Posted: Mon Aug 13, 2018 3:15 pm
by Daniel Shawul
hgm wrote: Sun Aug 12, 2018 4:42 pm To 'compare' algorithms you should first define a metric for algorithmic complexity. You seem to focus (completely arbitrarily) on the number of multiplications. One might just as well only consider the number of branches. With the same number of branches per second, Stockfish would not be a match for LC0 at all.

So without an objective criterion for selecting the metric, you can make the comparison come out any way you want.
Well LC0 eval is a gigantic matrix multiplication and clearly needs a hardware optimized for that to perform well. As far as I am concerned, GPU is a speciality hardware, one could also design FGPA, like deep blue did, to accelerate stockfish eval by the same amount. Sure the FGPA would be much more expensive than the GPU but I am not concerned about cost. Cost is driven by need anyway and your assessment of algorithms based on that is going to vary with it.

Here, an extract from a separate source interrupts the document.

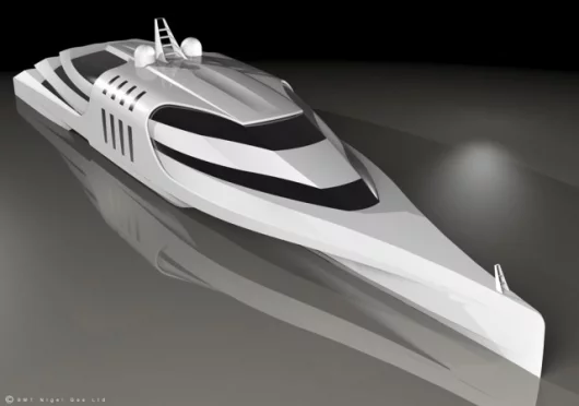 September 4, 2008 Now here’s one sure to make the shopping lists of the world’s richest marine enthusiasts. BMT Nigel Gee has announced a high-speed Pentamaran concept aimed at the large yacht market. Developed for high-speed applications, the patented Pentamaran hull form is a derivative of the stabilized monohull concept featuring a long slender central hull, hydrodynamically optimized without the constraints of needing to be stable as stability is provided by two pairs of outriggers or ‘sponsons’. Project Veloce is truly an innovative application of technology in the large yacht market and is based on a 130m platform capable of over 40 knots. The beam of 30m offers significantly more internal area than on an equivalently sized monohull leading to exceptional internal spaces with true flexibility in configuration of the layout.

LC0 probably does the same number of branching in the search part as Stockfish. The only difference is in the massively vectorized evaluation function that is suitable for the GPU. LC0 resorted to an inefficient vectorized eval (interms of number of operations) to exploit GPUs, Stockish could benefit from a different hardware while keeping the branching in its eval.